Tebbit ran the 1987 general election campaign which delivered Thatcher a majority of 102 MPs. However, the campaign led to tensions between him and Lord Young, who had also been appointed to advise on the campaign. It was after this that he decided to retire from government. As a result, Thatcher lost one of her most devoted supporters. When Geoffrey Howe resigned from the government in 1990, I was by then political secretary to the Prime Minister and helped to persuade her to ask Norman to return to the front bench. However, after agonising, he did not feel he could do so and still give his wife the care she needed.
So, although Norman survived the bombing, he, his wife and the country were all victims of the IRA. If he had returned to government in 1990, he may well have prevented the slow loss of confidence in the Prime Minister among MPs which led to her downfall. And when she did eventually stand down, if he had chosen to, he would have been a frontrunner to succeed her. I believe he would have been a great prime minister: resolute, radical, honest, unafraid.
He did not, because he had resolved to put his family first, and that decision – his loyalty to his wife, and his principles – only reinforces my belief that he would have made an outstanding prime minister.
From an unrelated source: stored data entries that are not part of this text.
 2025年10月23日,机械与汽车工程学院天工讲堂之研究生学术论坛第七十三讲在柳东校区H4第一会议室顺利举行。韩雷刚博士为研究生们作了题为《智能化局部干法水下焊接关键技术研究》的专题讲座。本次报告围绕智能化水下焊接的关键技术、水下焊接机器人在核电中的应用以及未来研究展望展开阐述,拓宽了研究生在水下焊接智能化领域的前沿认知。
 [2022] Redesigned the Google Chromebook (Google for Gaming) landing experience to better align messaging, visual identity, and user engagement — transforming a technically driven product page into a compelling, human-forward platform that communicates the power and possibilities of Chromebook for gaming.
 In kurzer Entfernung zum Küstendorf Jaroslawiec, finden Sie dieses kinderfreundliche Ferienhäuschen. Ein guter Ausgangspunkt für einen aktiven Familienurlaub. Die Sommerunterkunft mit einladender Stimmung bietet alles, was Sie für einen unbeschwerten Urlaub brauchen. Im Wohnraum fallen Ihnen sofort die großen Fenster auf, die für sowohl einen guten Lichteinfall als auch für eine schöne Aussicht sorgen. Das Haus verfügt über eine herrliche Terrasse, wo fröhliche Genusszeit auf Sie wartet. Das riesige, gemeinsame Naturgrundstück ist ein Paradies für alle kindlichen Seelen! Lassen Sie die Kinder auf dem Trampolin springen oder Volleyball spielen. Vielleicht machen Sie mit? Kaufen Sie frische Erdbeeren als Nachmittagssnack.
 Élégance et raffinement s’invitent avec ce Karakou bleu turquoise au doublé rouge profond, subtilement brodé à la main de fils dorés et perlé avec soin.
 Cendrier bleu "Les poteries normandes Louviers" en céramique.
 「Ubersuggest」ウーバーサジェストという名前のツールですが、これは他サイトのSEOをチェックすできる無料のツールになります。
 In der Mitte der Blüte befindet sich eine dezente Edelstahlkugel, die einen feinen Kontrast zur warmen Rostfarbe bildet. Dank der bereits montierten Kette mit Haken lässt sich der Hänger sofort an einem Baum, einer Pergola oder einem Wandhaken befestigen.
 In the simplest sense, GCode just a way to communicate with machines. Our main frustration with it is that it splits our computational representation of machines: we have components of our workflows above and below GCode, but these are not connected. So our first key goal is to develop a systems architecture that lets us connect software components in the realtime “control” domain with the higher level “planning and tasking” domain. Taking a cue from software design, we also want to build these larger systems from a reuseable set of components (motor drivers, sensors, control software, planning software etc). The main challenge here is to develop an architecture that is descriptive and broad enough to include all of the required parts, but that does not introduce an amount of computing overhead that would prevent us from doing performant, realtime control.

In his example there is a lasting legacy for my party, and our country.
Cheers for Mr Tebbit
The late Norman Tebbit happened to be a director of The Spectator when in 1990 he made his instantly notorious ‘cricket test’ remarks: to the effect that if a British subject cheered for say, India, in a cricket match against England (the Indian team, as now, was then playing a Test series here), he could not be considered a loyal subject or properly assimilated into the British way of life.
We immediately published a leading article – ‘No cheers for Mr Tebbit’– which was as complimentary about his remarks as the headline suggests, and it included the observation: ‘Mr Tebbit is in danger of confusing Yobbo chauvinism with citizenship.’ At the next board meeting, Tebbit, looking straight at me (the responsible editor) with apparent menace, said: ‘Mr Chairman, I wish to address the matter of the recent leading article “No cheers for Mr Tebbit”.’ After a measured pause, he then declared it was a tribute to the editorial independence of The Spectator that its editor felt free to ‘traduce one of its directors’, and that this independence was part of the reason for the magazine’s great success.
I took it as an act of admirable principle; but it was also a measure of the man, a much more generous-spirited person than his public image.